The Standard & Poor's 500 Index (S&P 500) is an index of 505 stocks issued by 500 large companies with market capitalizations of at least $6.1 billion. It is seen as a leading indicator of U.S. equities and a reflection of the performance of the large-cap universe. The S&P 500 is a market value-weighted index and one of the common benchmarks for the U.S. stock market; other S&P indexes include one of small-cap companies with market capitalizations between $450 million and $2.1 billion and another made up of mid-cap companies with market capitalizations between $1.6 billion and $6.8 billion. Investment products based on the S&P 500 include index funds and exchange-traded funds. The SPDR S&P 500 (SPY) is the largest ETF in the world with net assets of $252 billion.

BREAKING DOWN 'Standard & Poor's 500 Index - S&P 500'

The S&P 500 is widely regarded as the most accurate gauge of the performance of large-cap American equities. While the S&P 500 focuses on the large-cap sector of the market, it is considered representative of the entire market because it includes a significant portion of the total value of the market.  The companies included in the S&P 500 are selected by the S&P Index Committee, a team of analysts and economists at Standard & Poor's. These experts consider various factors when determining the stocks that are included in the index, including market size, liquidity and industry grouping. The five companies with the highest weights in the S&P 500 are Apple Inc. (AAPL), Alphabet (GOOG), Microsoft Corp. (MSFT), Inc. (AMZN) and Facebook Inc. (FB), and the five companies with the lowest weight in the index are Envision Holdings (EVHC), Navient cp (NAVI), Patterson Companies (PDCO), Footlocker Inc. (FL) and Chesapeake Energy Corp. (CHK).

S&P 500 Significance

The S&P 500 has become a preferred index for U.S. stocks, unseating the Dow Jones Industrial Average (DJIA).
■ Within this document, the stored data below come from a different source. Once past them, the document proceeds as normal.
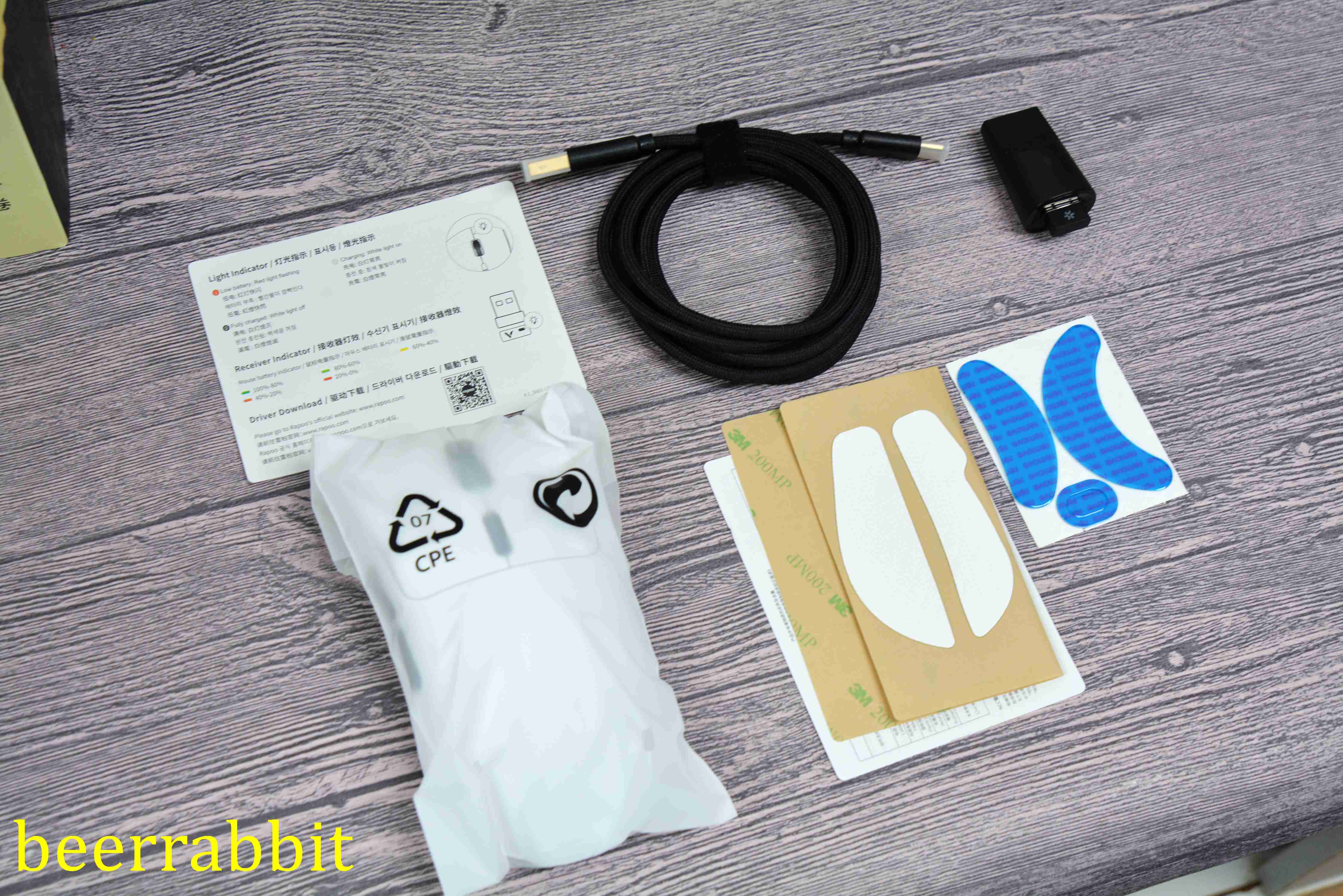 配件齐全:说明书、按键防滑贴、鼠标脚贴、USB接口转换器1、充电线兼数据线1。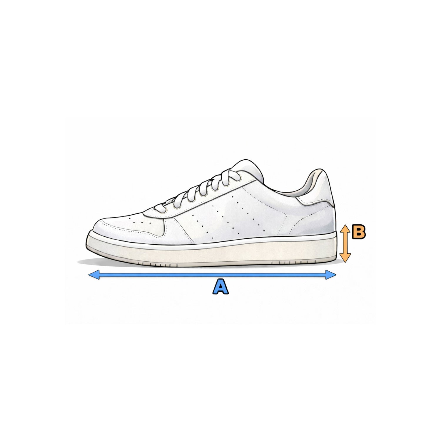 - (A) Innenlänge der Sohle: Von der Spitze bis zur Ferse der Innensohle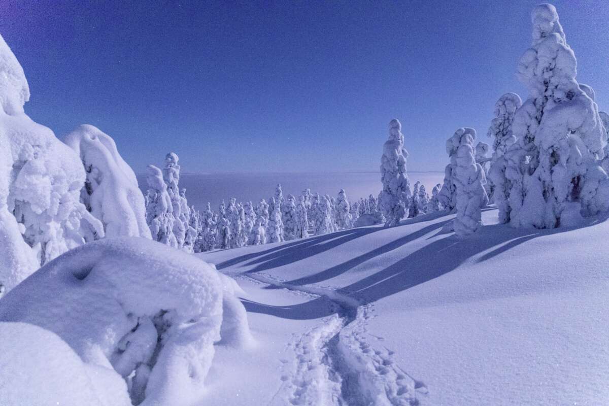 Le paysage hivernal au pied de la montagne de Luosto et au milieu du parc national de Pyhä-Luosto vous invite à l'explorer activement. Que ce soit en raquettes à neige, pendant un tour en traîneau à chiens, en motoneige ou sur les skis de fond sur les kilomètres de pistes.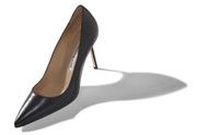Black calf leather pumps with pointed toe and stiletto high heel. Upper: 100% calf leather. Sole: 100% cow leather. Lining: 100% goat skin. Heel measures 90mm. Italian sizing. Made in Italy. Product ID: 9XX-0511-0009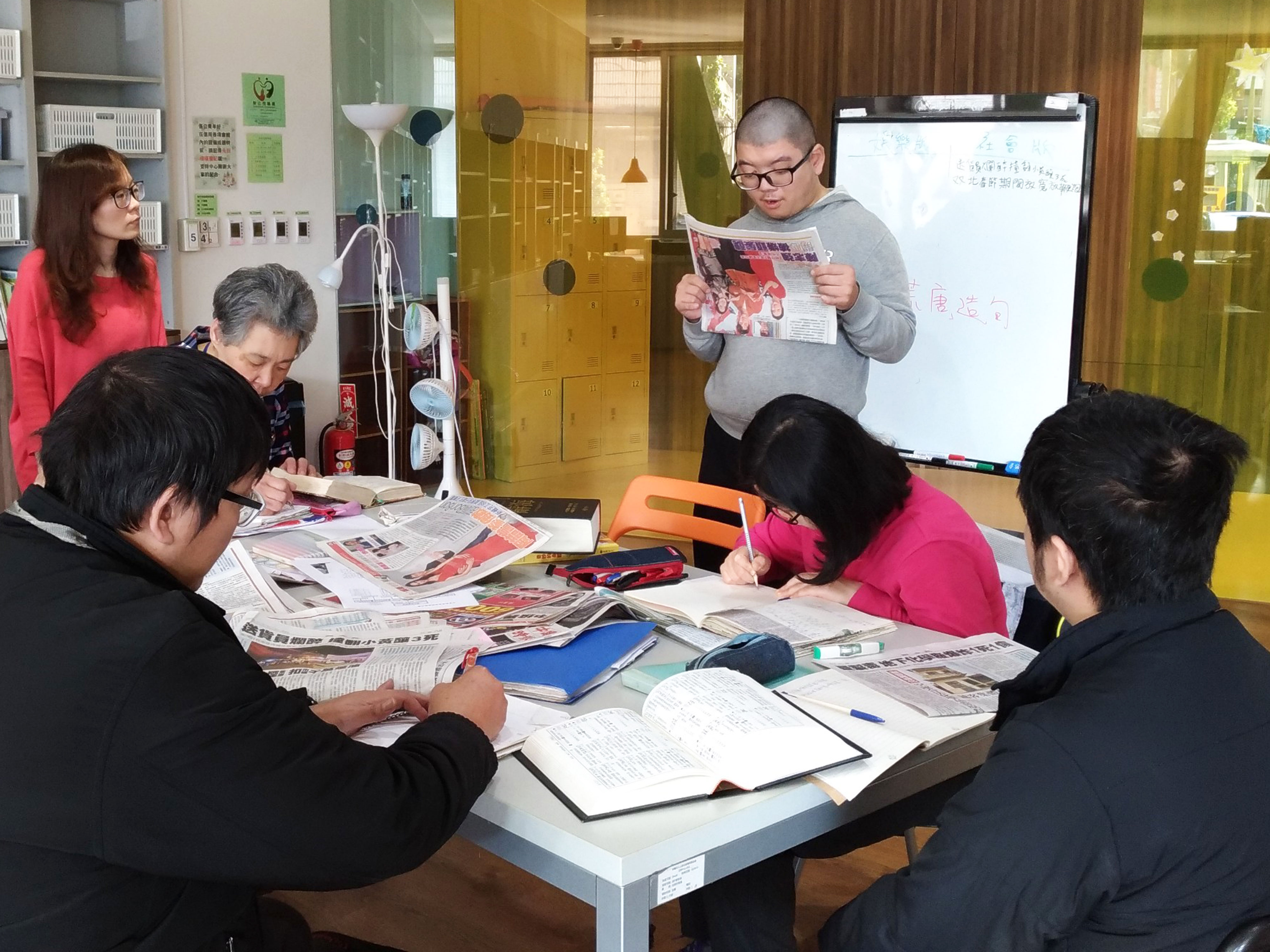 阿超在讀報課上,學習新知、練習表達。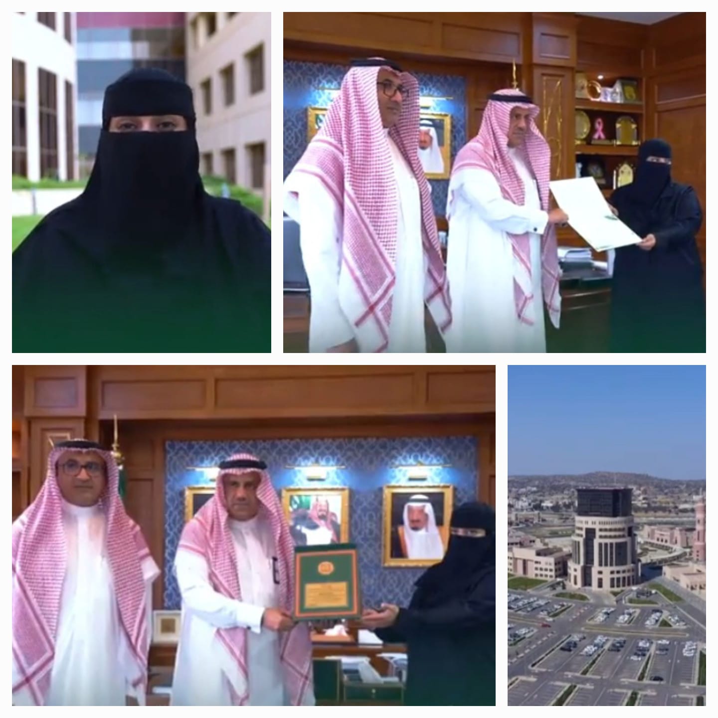 وقدمت الأستاذة سامية فايز الشهري بعد شكرها لله سبحانه شكرها لهذه القيادة الرشيدة ولرئيس الجامعة على هذا التكريم ولكل من وقف بجانبها لتحقيق هذا الإنجاز الذي حصدت الميدالية الذهبية خلال المشاركة فيه.

The S&P 500 is perceived as more representative of the market because it is made up of significantly more companies than the DJIA’s 30. There is also a major difference in how companies are represented in either index. The S&P 500 uses a market cap methodology, giving a higher weighting to larger companies, whereas the DJIA uses a price weighting methodology which gives more expensive stocks a higher weighting. The market cap ranking is also seen as more representative of real market structure.

S&P 500 Investment Options

Investors have difficulty replicating the S&P 500 because a portfolio needs stocks of 500 companies in specific quantities to replicate the index's market cap methodology. For investors looking to replicate the S&P 500, it is easier to purchase one of the S&P 500 investment products such as the Vanguard S&P 500 ETF, the SPDR S&P 500 ETF or iShares S&P 500 Index ETF.

Other S&P Indices

The S&P 500 is a member of the S&P Global 1200 family of indices. Other popular indices include the S&P MidCap 400, which represents the mid-cap range of companies; the S&P SmallCap 600 represents small-cap companies. The S&P 500, the S&P MidCap 400 and the S&P SmallCap 600 are combined and calculated together as the S&P Composite 1500.